22.06.04 por Bruno Oliveira
Em tempos que os documentários mais premiados do cinema são os que deixam a imparcialidade de lado, é no mínimo curioso que um longa metragem dramático sobre uma serial killer condenada a morte seja levado com isenção às telas.

Ricci e Theron: filme deprêE Monster não é abstrato como Elefante. A diretora Patty Jenkins tenta, corajosamente, contar um pouco da vida de Aileen, personagem de Charlize Theron, de maneira a explicar seus atos. Funciona. A personagem parece começar a matar por uma fatalidade, mas, aos poucos, cruza a própria linha moral.

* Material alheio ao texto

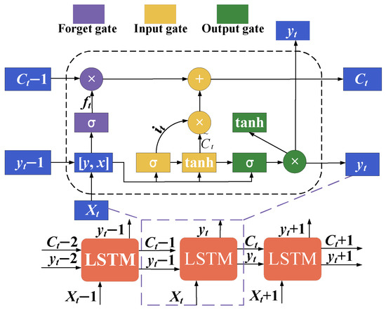 Long Short-Term Memory (LSTM) is a special type of Recurrent Neural Network (RNN), and its basic structure is illustrated in Figure 3. At each time step, LSTM takes inputs, the hidden state, and the memory cell from the previous time step as input. The prediction process of LSTM can be summarized as follows [28]:
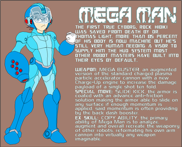 Another member of the "rock band" known as Count Zap and the Go-Goons, another result of weaponizing a stolen experimental device by Dr. Wily. This time it's a time-freezing device, it's intended purpose is unknown but now it serves as Flash Man's primary combat capability. Being able to stop time for a few moments, Flash Man has become a bit of a cheap bastard. In fact his very identity revolves around dirty fighting, he never plays fair and will use his power to cheat his way to victory. Unfortunately for him, the time-stopping device he was created from uses up a lot of energy at a time and requires some time to fully recharge. Then again, he still fights dirty even without his time-stopping powers.
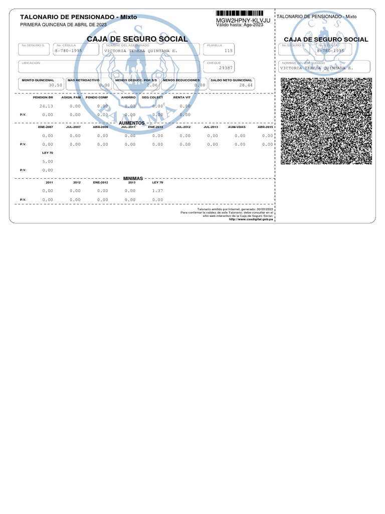 PRIMERA QUINCENA DE ABRIL DE 2023 Válido hasta: Ago-2023
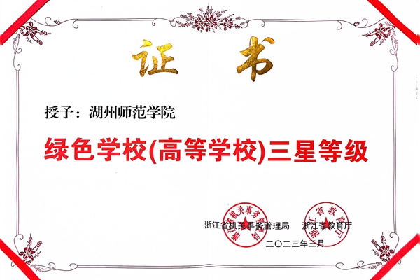 近日,浙江省机关事务管理局、浙江省教育厅公布了第二批绿色学校(高等学校)名单,我校荣获“浙江省绿色学校(高等学校)”称号,被授予绿色学校(高等学校)三星等级。浙江省绿色学校(高等学校)创建评价分为三星(优秀)、二星(良好)、一星(合格)三个等级,此次获评三星等级,是对我校绿色学校创建工作的充分肯定。
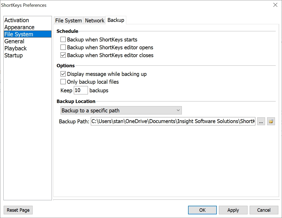 A backup of the ShortKeys macro file is created when the program loads. If the program is set to run on Windows startup, then the backup file is created at this time.
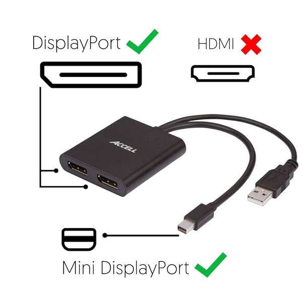 - Accell mDP-2DP Multi Monitor Splitter - Mini DisplayPort 1.2 Multi-Stream Transport (MST) Hub - 1x Mini DisplayPort connector, 2x DisplayPort outputs,Black offers reliable performance and quality- Dual HD Display: Extend your laptop with 2 extra monitors either in mirrors or extended mode using Multi-Stream Transport (MST) Protocol
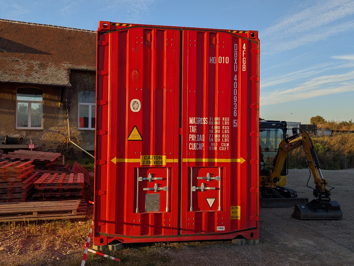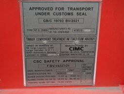 1 One-Way-Container 40 Fuß High Cube, neuwertig, Hersteller: CIMC, Baujahr: 2021, Gewicht: 4.690 kg, Außenmaße: 12,19 m (L) x 2,50 m (B) x 3,25 m (H), Innenmaße: 12,10 m (L) x 2,42 m (B) x 3,03 m (H), Gebrauchsspuren können vorhanden sein.
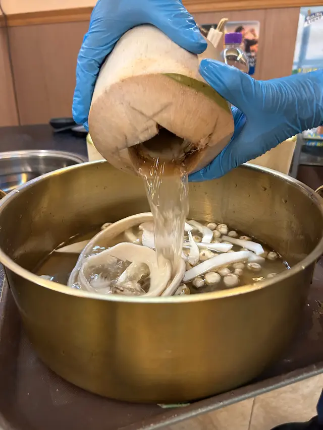 元朗火鍋,真材實料,推薦椰子雞鍋! 巴打火鍋館 2024-04-22店員會即場為你泡製椰子雞鍋,倒入3個椰子水,真材實料加入雞件煮,湯滾後再焗3分半;一開始我哋先飲湯,椰子雞湯超級清甜!雞有半隻,份量足夠兩人食,雞肉嫩滑,好味,多雞髀既部分呢個椰子雞都係1蚊雞煲優惠,另加30蚊!即係原本二百幾既椰子雞30蚊可以食到,超抵!牛方面,點咗馬扇古吊龍伴,牛味香濃有咬勁,都唔錯脆脘魚腩片真係好味,魚肉香又夠爽脆,會有一兩條魚骨,食既時候要注意黑栢葉都爽脆,加埋吸晒椰子湯汁既皇帝菜食,味道甚佳嘢飲方面,叫咗兩杯特飲,咸檸七、檸檬柚子蜜都份量充足,適合打邊爐飲佢有1蚊雞或全單88折優惠,計過係揀1蚊雞優惠較抵!…查看更多+ 5以上食評乃用戶個人意見 , 並不代表OpenRice之觀點。讚好分享元朗火鍋,真材實料,推薦椰子雞鍋! 巴打火鍋館 https://s.openrice.com/QrbT0SBbI00檢舉 張貼 評分4味道4環境4服務4衛生5抵食用餐途徑堂食
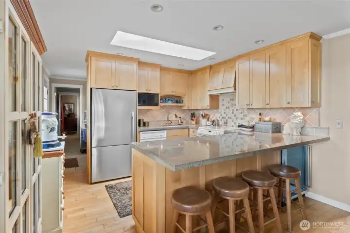 Thoughtfully redone kitchen with bar, wine fridge, custom cabinets, granite countertops, and newer SS appliances.
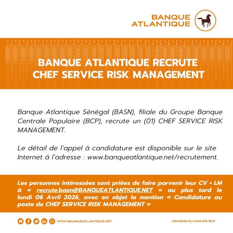 Banque Atlantique Sénégal, filiale du groupe Banque Centrale Populaire (Maroc), recrute un (01) CHEF SERVICE RISK MANAGEMENT.
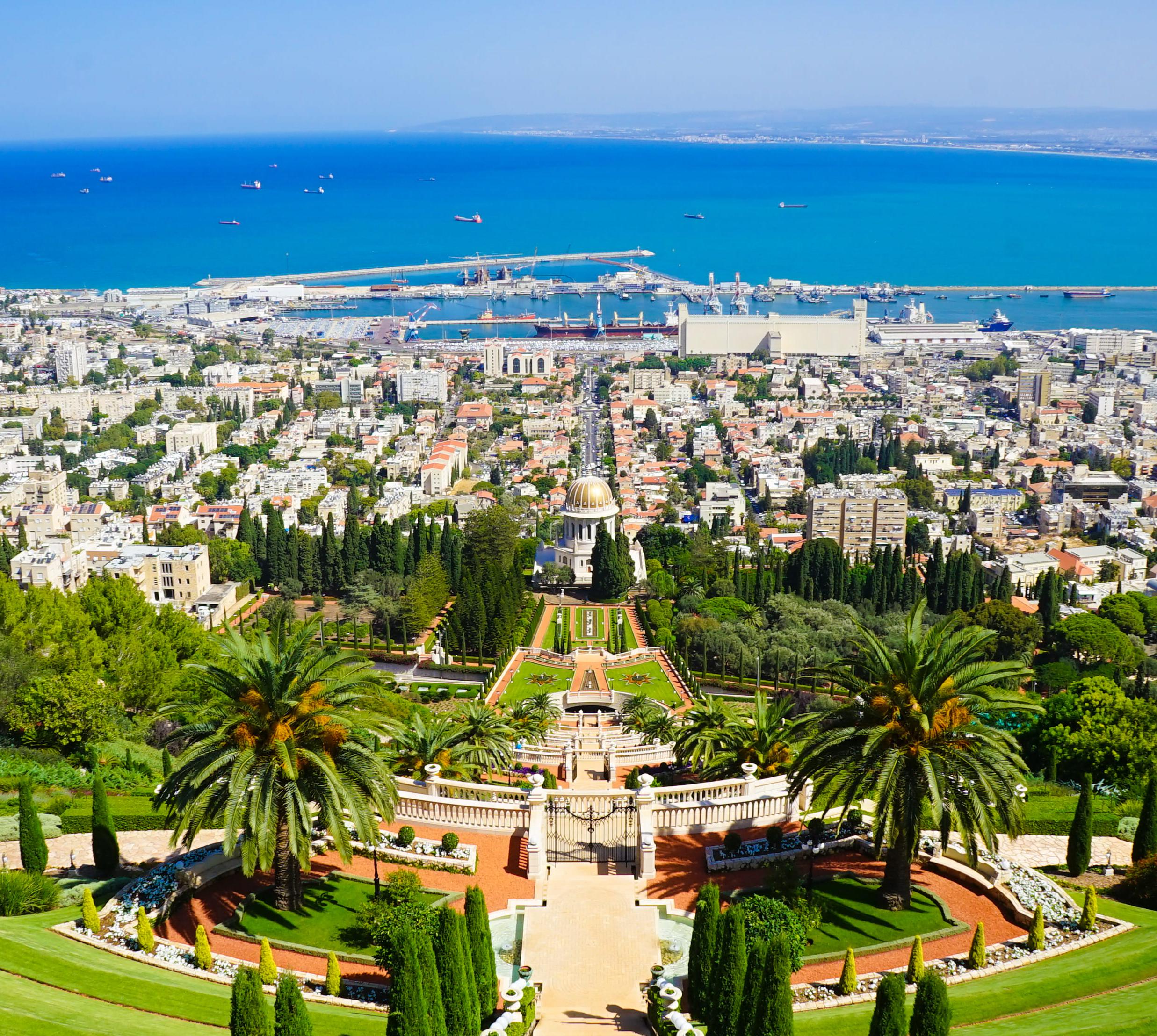Das 1953 vollendete, mit seiner goldenen Kuppel zum Wahrzeichen der Stadt gewordene Mausoleum des Bab, des in Persien 1850 hingerichteten Vorläufers von Baha’ullah, des Religionstifters der Bahais, liegt in einer wunderschönen Parkanlage, die seit 2008 UNESCO-Weltkulturerbe sind.
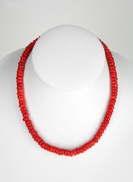 Ogrlica iz ovalnih bamboo koral velikosti 10 x 12 mm s srebrno zaponko (karabin), dolžina 43 in 50 cm.
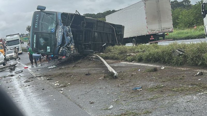 Imagens registradas no local mostram o ônibus tombado e bastante danificado, com destroços espalhados pela pista. Até o momento, não há confirmação oficial sobre o número de feridos ou a gravidade das vítimas.
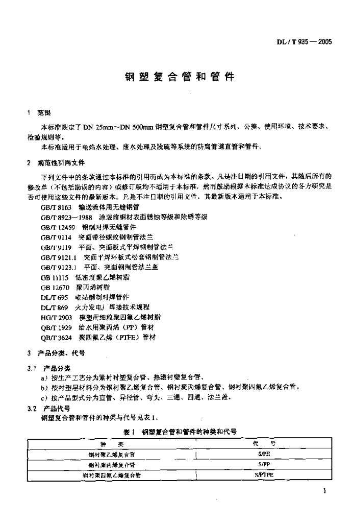 DL/T 935-2005 钢塑复合管和管件
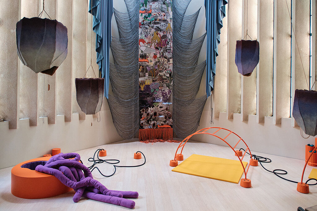 A scenographic exhibition where play is approached as invention, disobedience, and creation of shared space. The installation unfolds as an immersive ecosystem with modular sculptural costumes, a large wall tapestry, and play structures. Visitors—children and adults alike—are invited to co-compose stories, gestures, and sounds. The project includes a public programme of playshops (storytelling, weaving, sound, gardening) led by artists, and a symposium, The Magic Circle: Playing Outside Time.
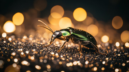 A vibrant green beetle is resting on a shiny black surface adorned with glowing golden lights capturing the festive spirit of Christmas.
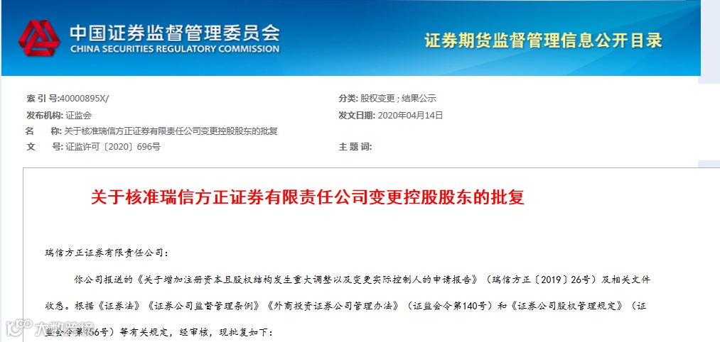 4月17日,证监会官网挂出《关于核准瑞信方正证券有限责任公司变更控股股东的批复》,正式做出同意批复。
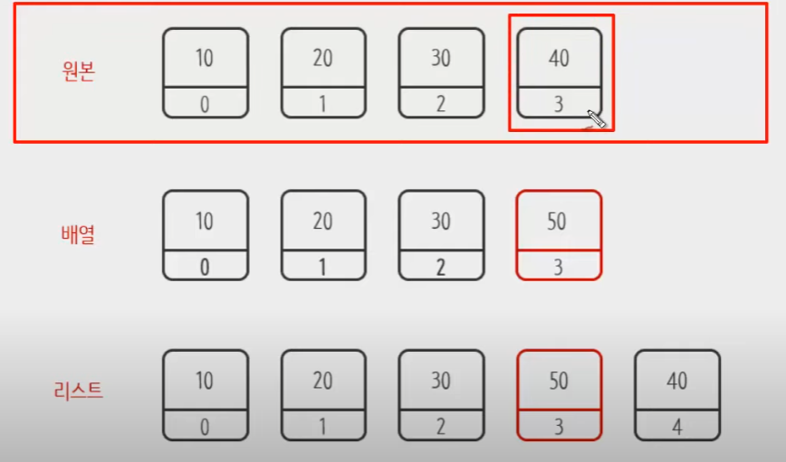배열의 경우는 정해진 사이즈가 있기 때문에 40이라는 데이터가 대체되어버리지만, 리스트의 경우는 새롭게 데이터가 추가가 되고, 기존의 인덱스3의 데이터는 뒤로 밀려나게 된다.
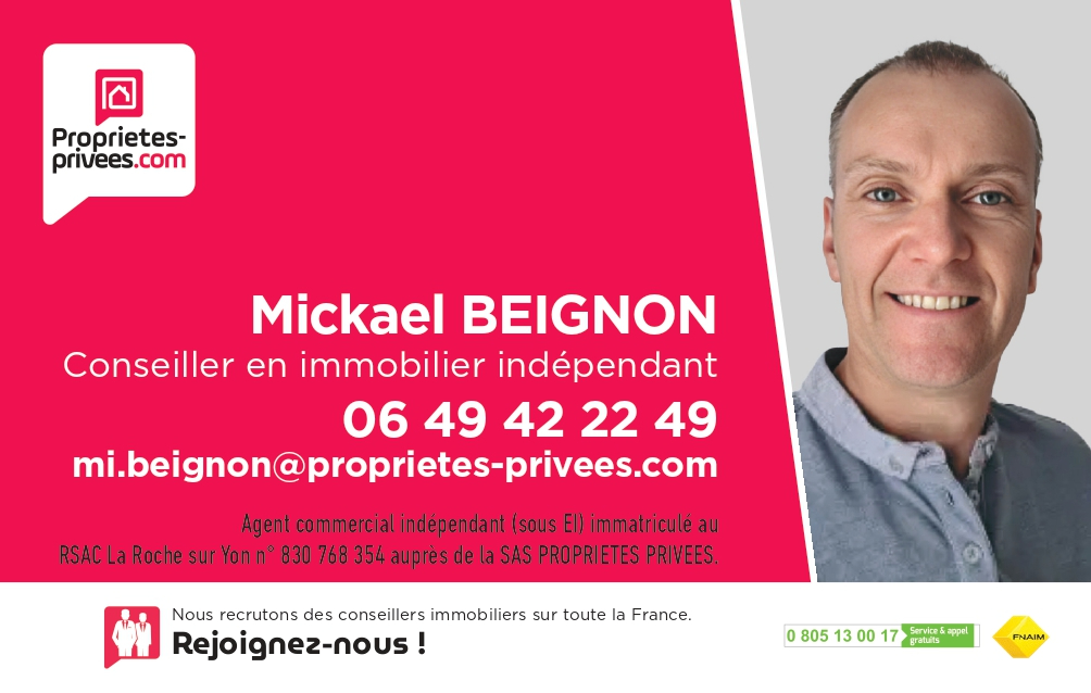 Cette présente annonce a été rédigée sous la responsabilité éditoriale de Mickael BEIGNON agissant sous le statut d'agent commercial immatriculé au RSAC 830768354 LA ROCHE SUR YON auprès de SAS PROPRIETES PRIVEES, au capital de 44 920 euros, ZAC LE CHÊNE FERRÉ - 44 ALLÉE DES CINQ CONTINENTS 44120 VERTOU; SIRET 487 624 777 00040, RCS Nantes. Carte Professionnelle Transactions sur immeubles et fonds de commerce (T) et Gestion immobilière (G) n°CPI 4401 2016 000 010 388 délivrée par la CCI Nantes - Saint Nazaire. Compte séquestre n°30932508467 BPA SAINT-SEBASTIEN-SUR-LOIRE (44230). Garantie GALIAN-SMABTP - 89 rue de la Boétie, 75008 Paris - n°28137 J pour 2 000 000 euros pour T et 120 000 euros pour G. Assurance responsabilité civile professionnelle par GALIAN-SMABTP n° de police 28137.J
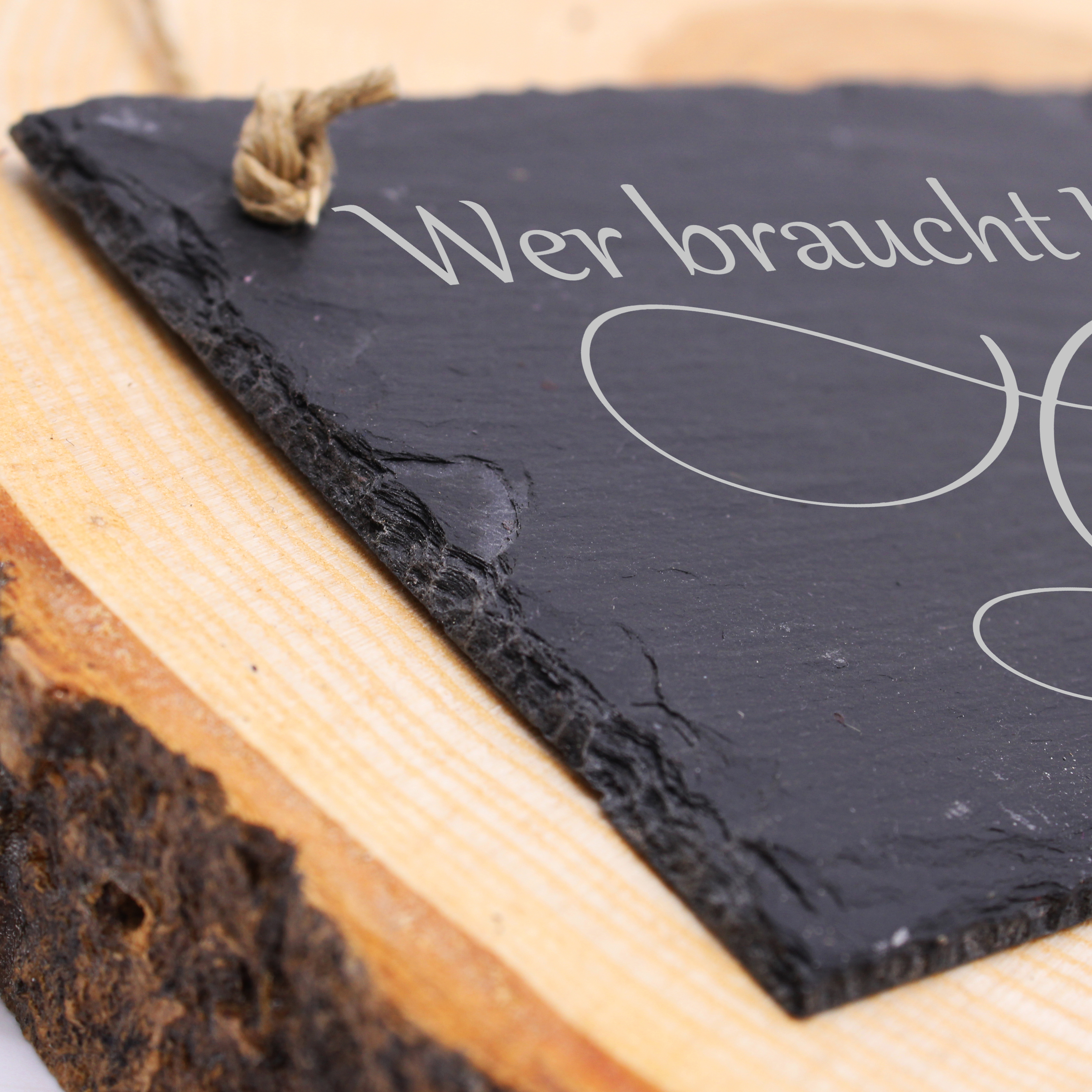 - Farbe: naturbelassener Schiefer (dunkel) mit heller Gravur

A atuação (incorporação!) oscarizada de Theron é impressionante; mas é forte a impressão de que sem a ajuda da talentosa Christina Ricci o conjunto poderia não ser tão bom. O filme tem uma edição simples (pelo menos para os mais acostumados com malabarismos da montagem da série 24 horas) e uma trilha sonora discreta – às vezes o silêncio incomoda. É o tipo de programa que não se recomenda para um domingo à noite. Nem é preciso parar pra pensar muito pra sair do cinema com a impressão de que o mundo é um lugar horroroso. Deprê.